> [Problem description]
After locating the line that holds "Initially founded by", copy that line and all that follow it word for word through the end of the data, with no pictures.

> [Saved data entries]
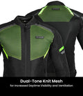 - Increased Day-Time Visibility: Dual-Tone knit mesh on the chest and back, along with hi-viz trims on chest, back, and arms.
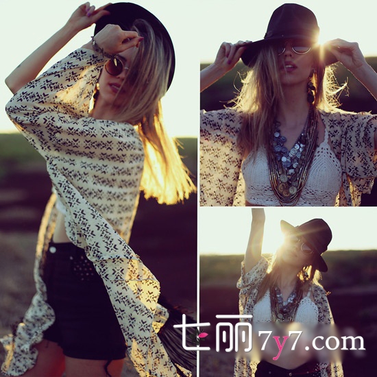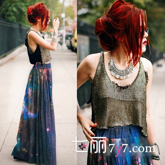上半身复古铜色的背心,与下身的星空长裙搭配,给人一种双目眩晕的感觉。背心的领口下掉的厉害,虽然这样会很性感,但是却很突兀,这个时候就需要一条民族风项链来点缀整体。
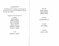Initially founded by Strater as The Museum of Art of Ogunquit, the institution was incorporated on September 18, 1951, with a mission for “the broad educational interests of the public.” Architect Charles Worley of Boston designed the museum to realize the full potential of the site on the coast. Strater commissioned architect Charles S. Worley Jr. to design the building it is housed in.[4] The museum opened its doors to the public on July 25, 1953.
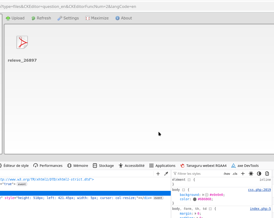 | Steps To Reproduce | Steps to reproduceGo to ressources tab Expected resultSee the upload screen with CSS Actual resultNo CSS | ||||
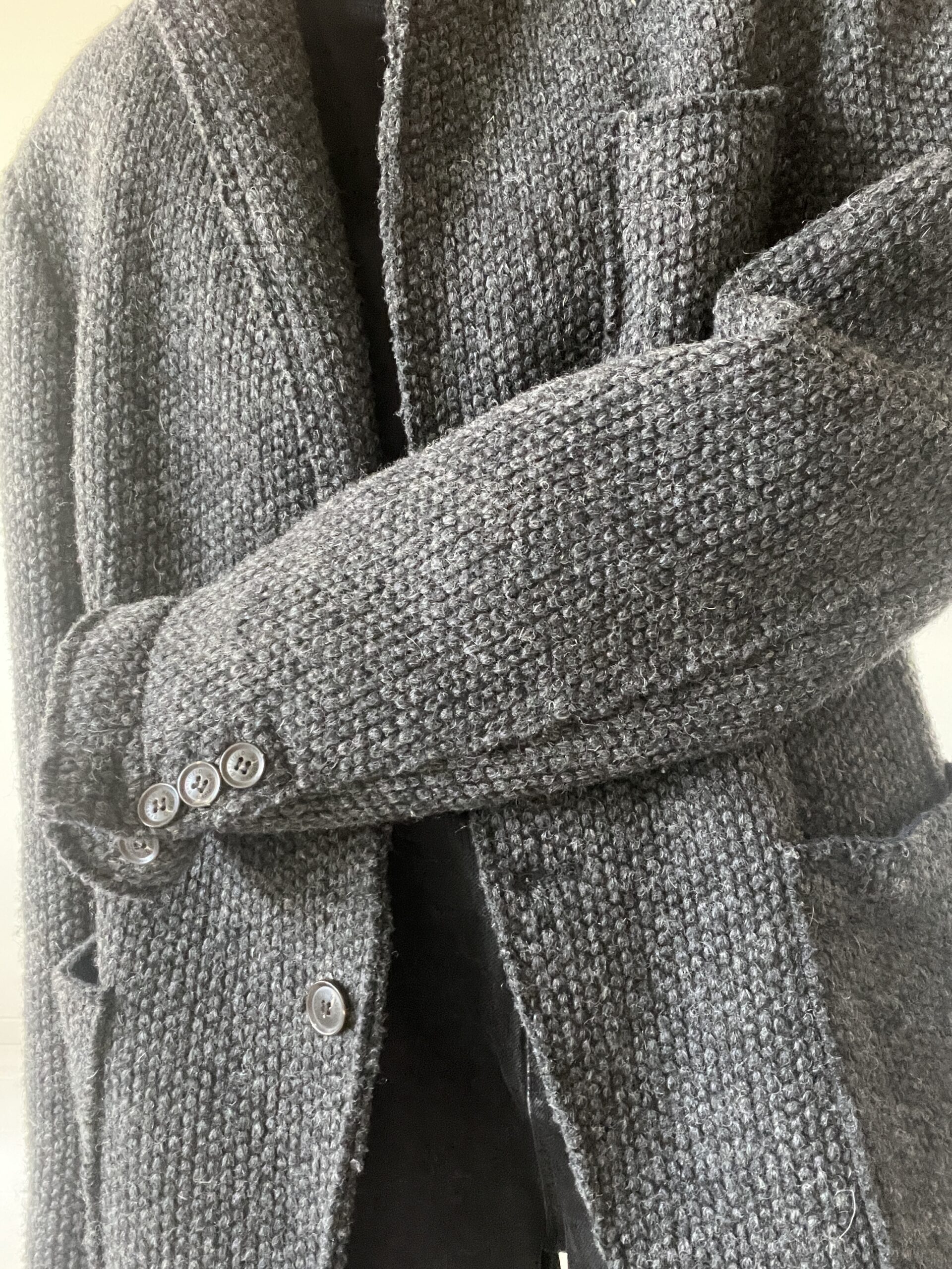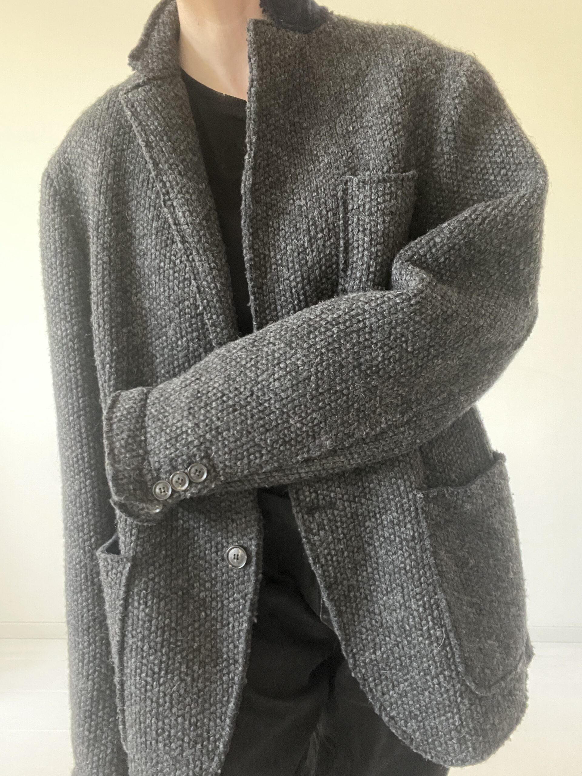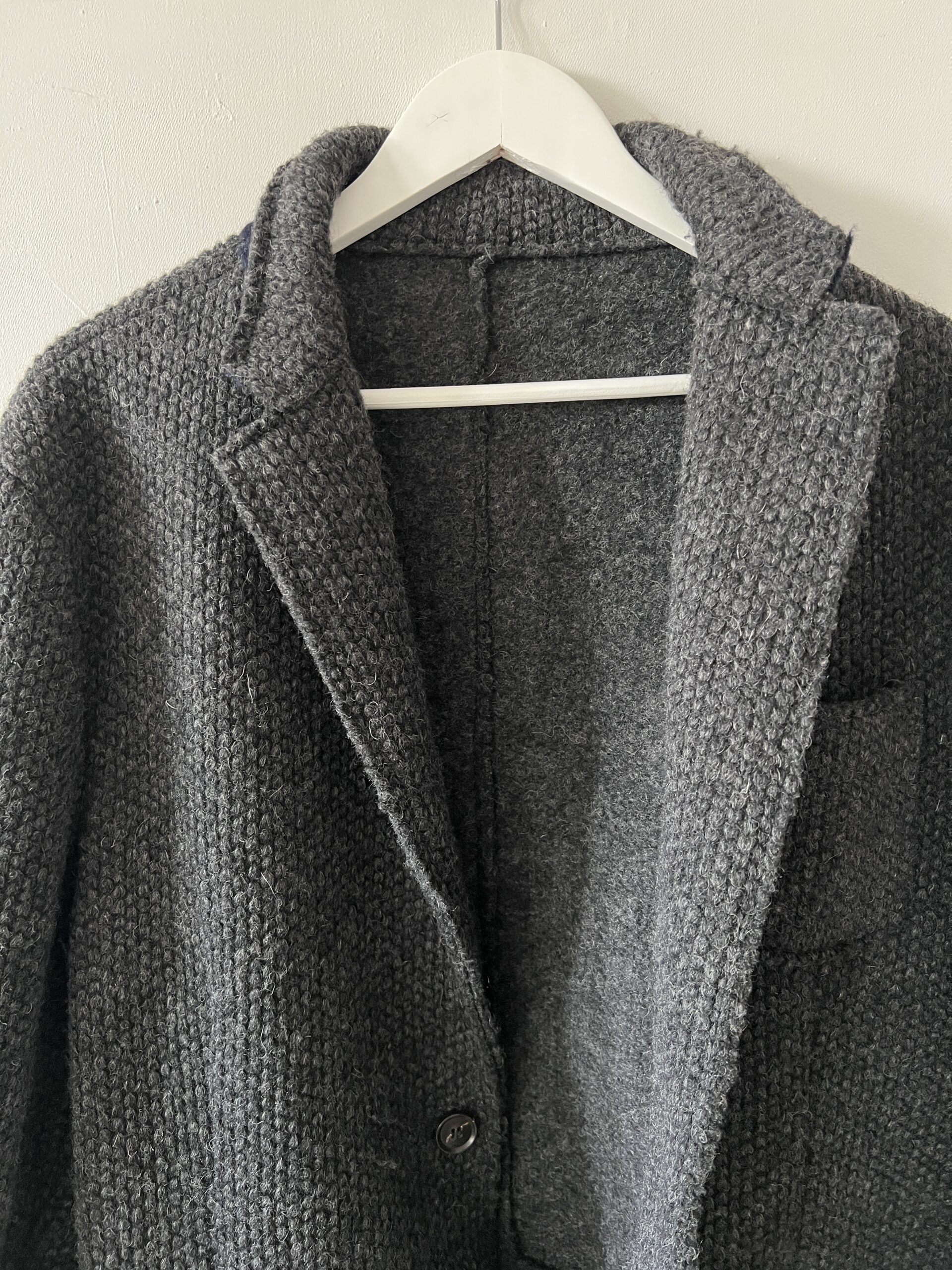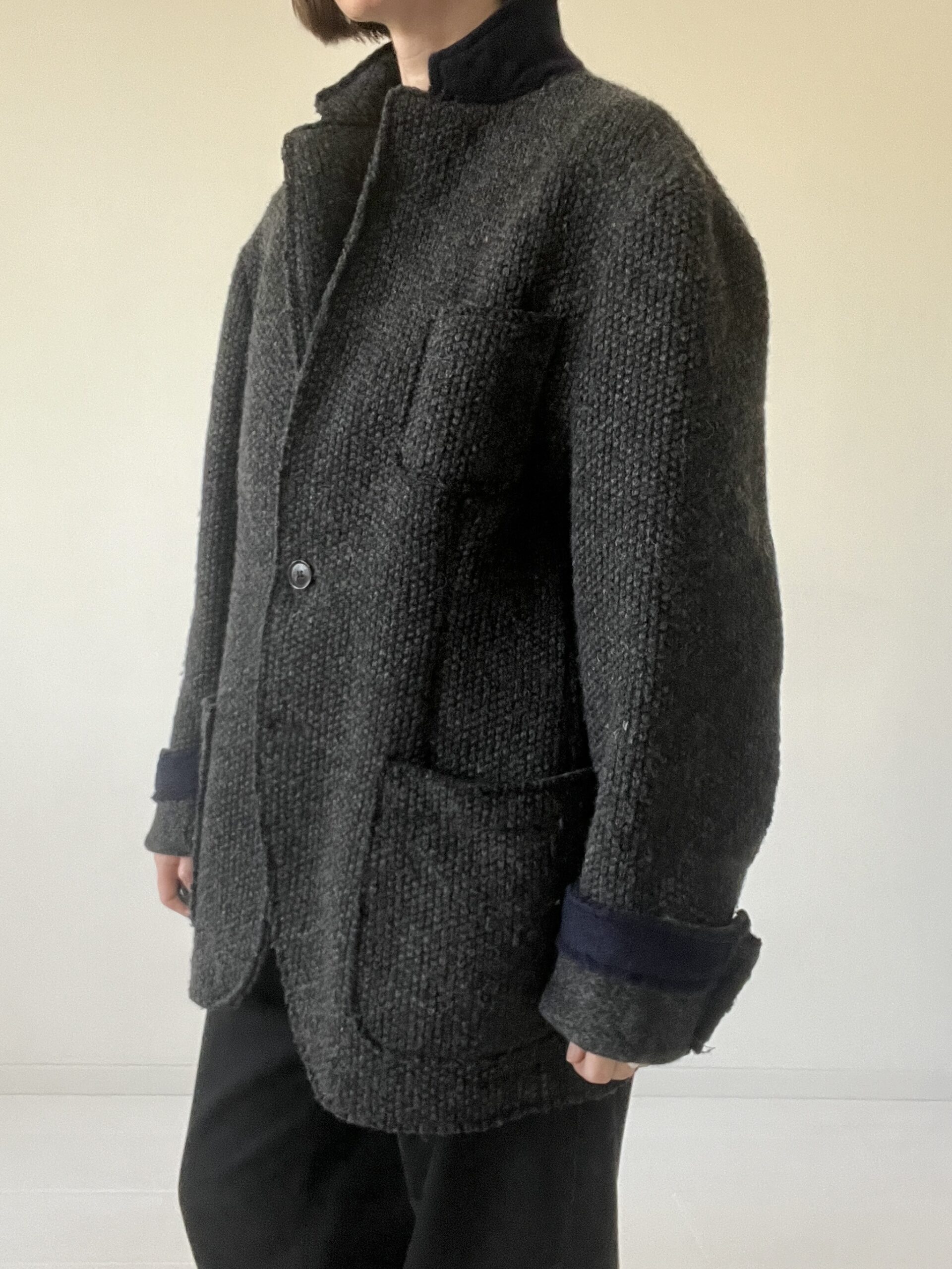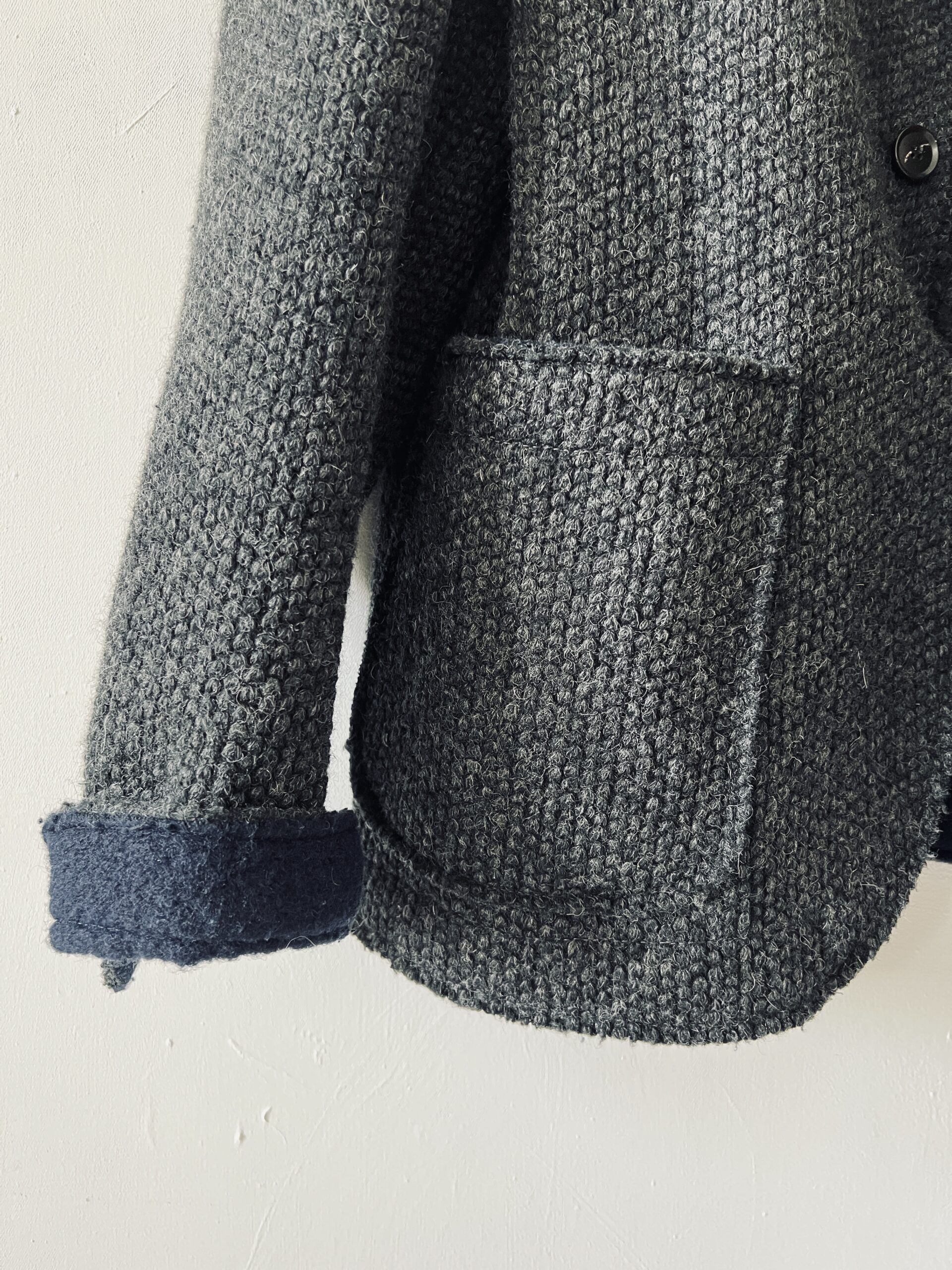 Męska wełniana marynarka, dobra do noszenia jako oversizeowy kubrak „z szafy chłopaka”, mankiety i kołnież wykończone kontrastową dzianiną

> [Exercise answer]
Initially founded by Strater as The Museum of Art of Ogunquit, the institution was incorporated on September 18, 1951, with a mission for “the broad educational interests of the public.” Architect Charles Worley of Boston designed the museum to realize the full potential of the site on the coast. Strater commissioned architect Charles S. Worley Jr. to design the building it is housed in.[4] The museum opened its doors to the public on July 25, 1953.
 | Steps To Reproduce | Steps to reproduceGo to ressources tab Expected resultSee the upload screen with CSS Actual resultNo CSS | ||||
 Męska wełniana marynarka, dobra do noszenia jako oversizeowy kubrak „z szafy chłopaka”, mankiety i kołnież wykończone kontrastową dzianiną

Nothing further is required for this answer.